Blumbergs, Bernhards; Ottis, Rain; Vaarandi, Risto, “Crossed Swords: A Cyber Red Team Oriented Technical Exercise.”
This paper describes the use-case of international technical cyber exercise “Crossed Swords” aimed at training the NATO nation cyber red teams within a responsive cyber defence scenario. This exercise plays a full-spectrum cyber operation, incorporates novel red teaming techniques, tools, tactics and procedures (TTTPs), assesses team design and management, trains the skills for target information system covert infiltration, precision take-down, cyberattack attribution, and considers legal implications. Exercise developers and participants have confirmed the learning benefits, significant improvements in understanding the employed TTTPs, cyber-kinetic interaction, stealthy computer network infiltration and full-spectrum cyber operation execution.
Rege, Aunshul; Adams, Joe; Parker, Edward; Singer, Brian; Masceri, Nicholas; et al., “Using Cyber-Security Exercises to Study Adversarial Intrusion Chains, Decision-Making, and Group Dynamics.”
Increasingly adversaries are becoming more sophisticated and persistent in their cyber-attacks against critical infrastructures. Traditional incident management is response-driven, which is ineffective and costly, especially in countering adaptive adversaries. The security community has argued for a paradigm shift towards proactive and anticipatory cybersecurity. Defenders thus need to understand adaptive behaviors and dynamic decision-making processes of adversaries. Using a cyber-adversarial intrusion-chain model and empirical evidence of observations done at a force on force (“paintball”) exercise held at the 2015 North American International Cyber Summit (NAICS), this paper argues that understanding how adversaries adapt at various points in the intrusion chain is crucial in profiling adversaries and developing anticipatory cybersecurity measures.
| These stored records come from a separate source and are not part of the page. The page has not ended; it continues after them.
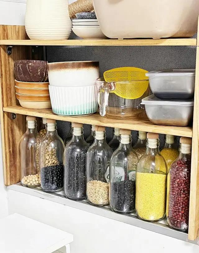 淘宝爆款“旋转式挂架”装在吊柜底部,360°转一圈,咖喱粉还是辣椒粉一秒锁定。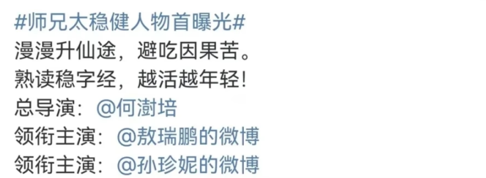 却不曾想,本以为敖瑞鹏前程堪忧的时候,敖瑞鹏来了一波大的:他将主演《师兄太稳健》。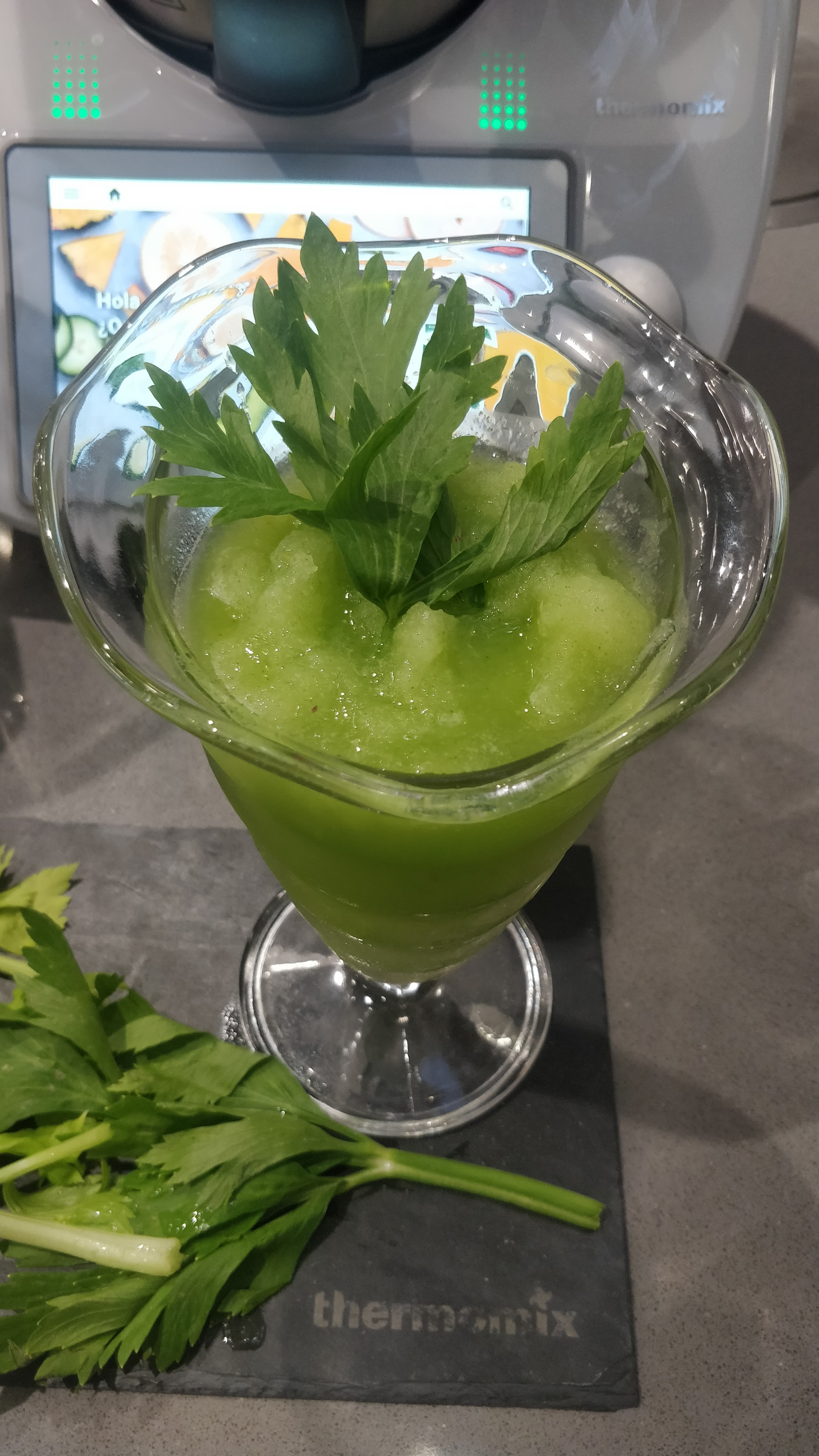 Muy buenas a todos, hoy quiero compartir con vosotros una receta que me sorprendió mucho . Ya era agente comercial cuando hice por primera vez esta receta , y os aseguro que quedé maravillada. Estamos acostumbrados a los sorbete de todo tipo de frutas, frutos....pero este de APIO me entusiasmó . Primero por su sabor ,que fácil era disfrazar el sabor del APIO , y después porque que manera más sana de refrescarnos con algo que podía aportarnos tantos beneficios saludables . Os animáis a hacerlo ? Os aseguro que os vais a sorprender .

Specifically, this paper highlights the human aspects of cyber-attacks, with three specific objectives: (i) providing a preliminary temporal assessment of the cyber-attack process, (ii) understanding adversarial decision-making, cyber-attack disruptions and corresponding adaptability, and (iii) comprehending group dynamics, such as structure and interdependencies; cohesiveness and conflict; and division of labor.